In 2017, the PBC and other regulators announced a series of reforms to the asset management sector to be phased in over a number of years. The regulations sought to address a range of risks related to non-bank financial intermediation, including regulatory arbitrage, implicit guarantees, interconnectedness and liquidity risks (RBA 2018). In particular, the reforms prohibited AMP issuers from providing principal and income guarantees and forbade borrowing to invest in AMPs. The aim of the reforms was to transform AMPs into investment products rather than off-balance sheet deposits. The deadline for implementing these reforms has been postponed multiple times, although financial institutions have made some progress (PBC 2020b).
Coordination among regulatory authorities has also improved in recent years, which was partly a response to concerns over shadow financing activity exploiting regulatory arbitrage. A new Financial Stability and Development Committee was established under the State Council, consisting of the main Chinese financial regulators (State Council 2017).[1] The China Banking Regulatory Commission (CBRC) also merged with the China Insurance Regulatory Commission (CIRC) to improve prudential oversight, becoming the China Banking and Insurance Regulatory Commission (CBIRC). The merger clarified regulatory responsibility for shadow finance activities and reduced the duplication of regulations (State Council 2018).
The stock of shadow financing activity has contracted from over 60 per cent of GDP to around 40 per cent as a result of these measures (Graph 1).[2] This has reduced the risk that shadow finance poses to China's financial system and the broader economy. Even though banks and NBFIs have continually adapted their business practices in response to regulatory changes, the restrictions on shadow financing have contributed to lower aggregate credit growth. Overall, the regulatory tightening and subsequent decline in shadow financing activity have had wide-ranging implications for participants in China's financial system, and the financial system as a whole.
Implications for savers
Returns on deposits in the formal banking sector have historically been constrained by the use of benchmark deposit rates. This has materially affected Chinese households, which typically have a high propensity to save (Zhang et al 2018). In response, many households have sought higher returns in the shadow financing sector by investing in products like AMPs (Graph 2). Shadow finance products have also provided investors with a greater diversity of investment products to choose from. While the PBC continues to take steps to liberalise lending rates, deposit rates are still determined by the PBC.

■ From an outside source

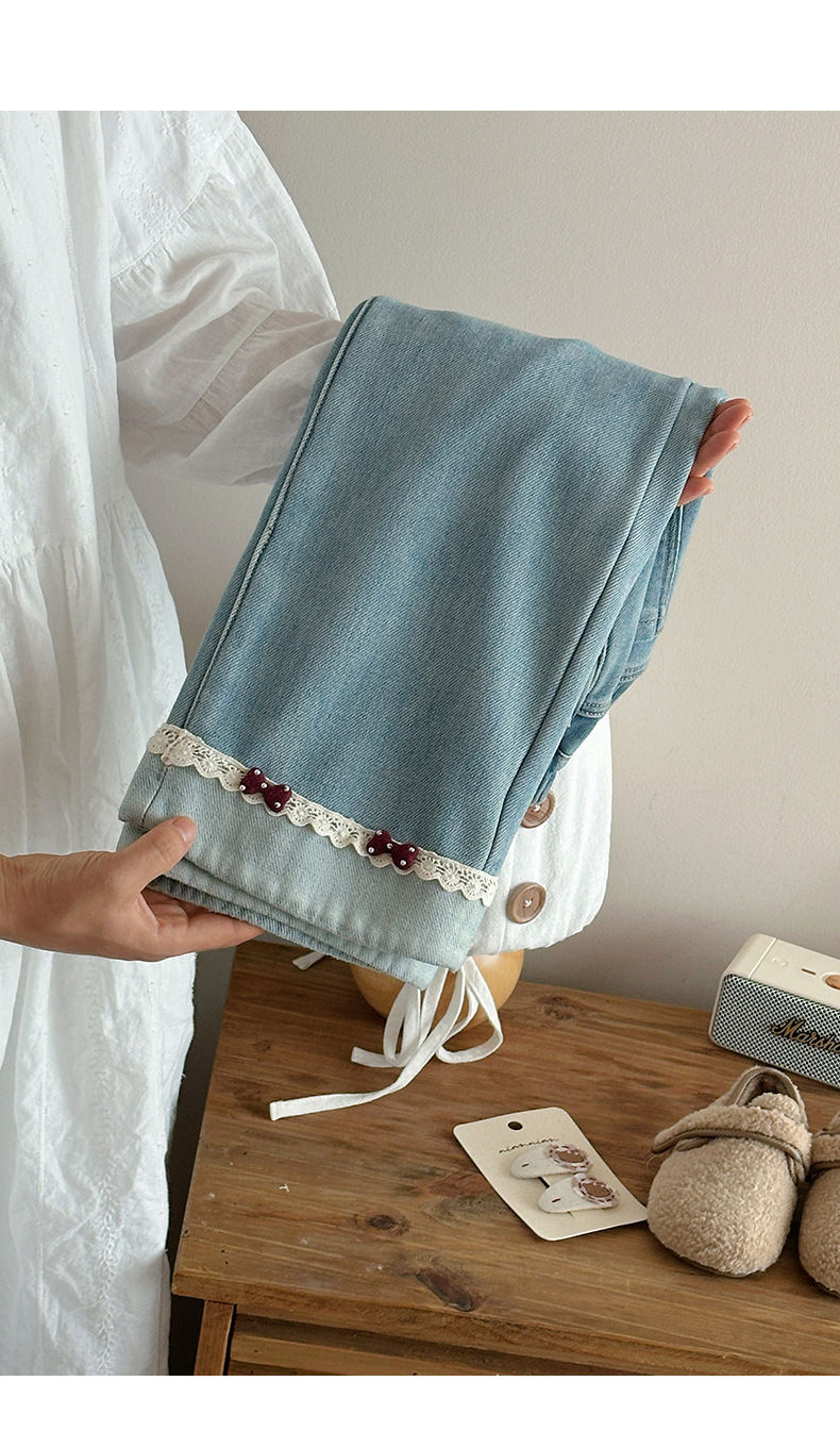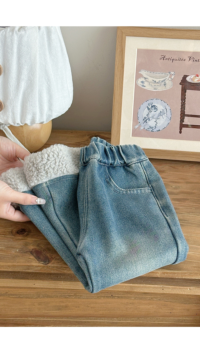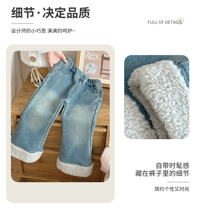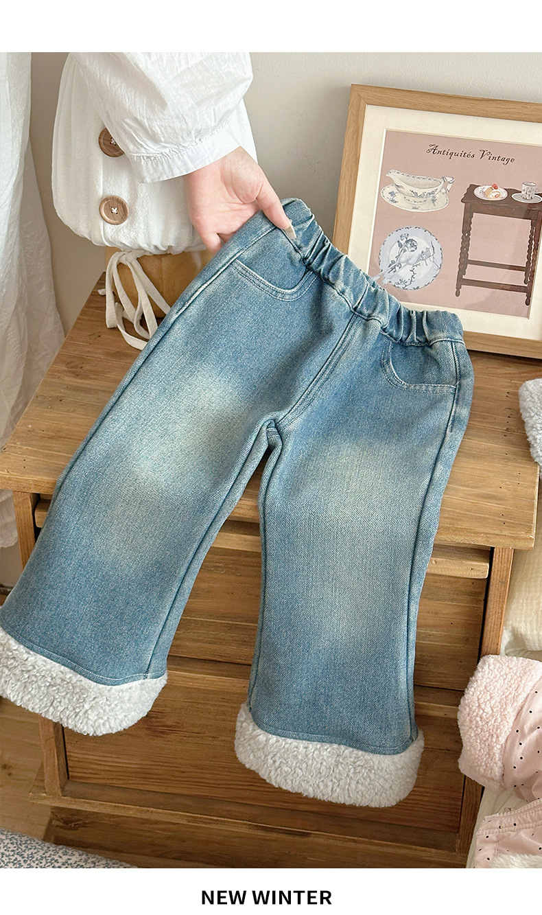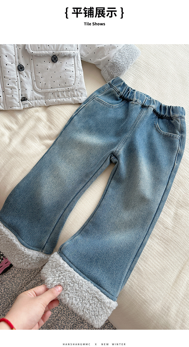 部分码数预售7天内发货!!【儿童服饰丨吾家儿童加绒牛仔裤】内里加绒面料细腻,质地柔软,高弹力松紧裤腰设计,不易挑身型,经典色系搭配花边设计简约不失时髦度,版型廓形宽松舒适,出街或上学穿搭都合适

The regulatory tightening on shadow financing has made investing in shadow financing products less attractive to households and businesses. Policies such as banning principal and income guarantees meant that savers have had less incentive to invest their funds in the shadow financing sector. As a result, in 2018, growth in saving deposits picked up, while shadow financing assets started to contract (Graph 3). Financial institutions then adapted by replicating the higher returns of shadow financing products with on-balance sheet products such as structured deposits (discussed below). However, regulators have subsequently responded to ensure that the returns offered, to the extent they are guaranteed, are in line with benchmark rates.[3]
Measures have also been introduced to make it easier for savers to understand the risks from investing in shadow financing products. For instance, new AMP regulations have imposed stricter reporting requirements that make it easier for savers to monitor the investments that underlie shadow finance products. Among other things, this includes the requirement that AMP issuers frequently report a marked-to-market value to investors (RBA 2018).
Implications for borrowers
Entities borrowing through shadow finance channels have typically had restricted access to traditional bank credit. This includes local governments, private firms and real estate developers (Bowman, Hack and Waring 2018). The contraction in shadow financing since 2017 has therefore disproportionately affected activity in these sectors.
Assessing trends relating to borrowers of shadow finance is hampered by a lack of data. Data on assets of trusts, a key subgroup of shadow financiers, show that trust company loans to most sectors have declined since 2017 (Graph 4). These data do not separately identify private and state-owned firms, but it is likely that private firms' use of shadow financing slowed in line with the broader decline in shadow finance.[4]
Real estate is the only industry where trust company investments have increased since 2017. This is consistent with authorities continuing to restrict the flow of formal credit to the real estate sector (PBC 2020c). However, trust company investments in real estate began to decline in 2019 when the authorities turned their attention to the sector. Access to credit could get even more challenging for some property developers if the PBC goes ahead with a ‘three red-line’ policy to curb lending to property developers in January 2021 (Qian and Mo 2020).[5]
In contrast, local governments have been less affected by the contraction in shadow financing because of the central government's strategy of ‘opening the front door and closing the back door’. Under this policy, local governments were allowed to start raising debt in a transparent fashion directly from bond markets and could convert debt from local government financing vehicles into local government bonds under the debt swap program (Holmes and Lancaster 2019). Local government borrowing remains subject to strict quotas but is less reliant on shadow finance than it was prior to 2015.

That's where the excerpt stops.